§ What to work on:
Using the string "with" as the key, pull each matching line out of the records below.

§ Available records:

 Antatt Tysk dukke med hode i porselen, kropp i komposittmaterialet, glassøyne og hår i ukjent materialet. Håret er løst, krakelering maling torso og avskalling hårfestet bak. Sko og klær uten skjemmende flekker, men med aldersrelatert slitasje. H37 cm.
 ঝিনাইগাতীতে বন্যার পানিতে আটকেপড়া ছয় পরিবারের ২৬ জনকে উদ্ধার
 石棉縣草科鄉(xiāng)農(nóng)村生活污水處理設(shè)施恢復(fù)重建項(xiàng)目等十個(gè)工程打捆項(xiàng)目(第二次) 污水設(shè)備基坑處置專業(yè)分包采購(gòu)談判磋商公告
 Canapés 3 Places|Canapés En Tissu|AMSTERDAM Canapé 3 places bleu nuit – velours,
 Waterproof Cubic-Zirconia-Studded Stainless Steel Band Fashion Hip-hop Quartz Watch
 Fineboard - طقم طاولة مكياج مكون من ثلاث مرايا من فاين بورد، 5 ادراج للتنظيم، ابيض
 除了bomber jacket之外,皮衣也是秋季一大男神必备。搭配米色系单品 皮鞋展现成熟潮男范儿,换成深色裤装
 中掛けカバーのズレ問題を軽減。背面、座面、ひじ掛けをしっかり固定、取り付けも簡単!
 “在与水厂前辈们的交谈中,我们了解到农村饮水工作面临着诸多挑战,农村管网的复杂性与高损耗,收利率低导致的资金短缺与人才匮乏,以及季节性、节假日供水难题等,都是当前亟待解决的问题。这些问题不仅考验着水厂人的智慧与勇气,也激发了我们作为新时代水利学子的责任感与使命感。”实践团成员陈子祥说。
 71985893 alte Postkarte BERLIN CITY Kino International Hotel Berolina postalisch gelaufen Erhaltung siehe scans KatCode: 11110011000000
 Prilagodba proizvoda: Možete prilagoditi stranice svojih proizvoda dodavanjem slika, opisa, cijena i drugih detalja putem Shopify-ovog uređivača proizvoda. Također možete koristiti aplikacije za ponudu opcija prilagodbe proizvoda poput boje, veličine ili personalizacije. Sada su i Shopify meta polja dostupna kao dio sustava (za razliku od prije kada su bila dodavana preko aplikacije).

* * *

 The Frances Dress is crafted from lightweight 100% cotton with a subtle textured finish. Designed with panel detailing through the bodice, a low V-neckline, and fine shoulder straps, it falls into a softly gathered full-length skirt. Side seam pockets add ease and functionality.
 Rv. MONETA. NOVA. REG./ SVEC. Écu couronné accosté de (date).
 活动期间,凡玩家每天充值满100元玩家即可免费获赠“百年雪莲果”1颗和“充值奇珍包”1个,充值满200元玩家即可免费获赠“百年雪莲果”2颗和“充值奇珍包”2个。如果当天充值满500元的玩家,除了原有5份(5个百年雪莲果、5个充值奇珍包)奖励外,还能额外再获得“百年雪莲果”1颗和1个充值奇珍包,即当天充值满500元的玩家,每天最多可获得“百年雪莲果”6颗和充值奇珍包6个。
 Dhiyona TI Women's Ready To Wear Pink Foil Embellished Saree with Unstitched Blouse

§ Task response:
 The Frances Dress is crafted from lightweight 100% cotton with a subtle textured finish. Designed with panel detailing through the bodice, a low V-neckline, and fine shoulder straps, it falls into a softly gathered full-length skirt. Side seam pockets add ease and functionality.
 Dhiyona TI Women's Ready To Wear Pink Foil Embellished Saree with Unstitched Blouse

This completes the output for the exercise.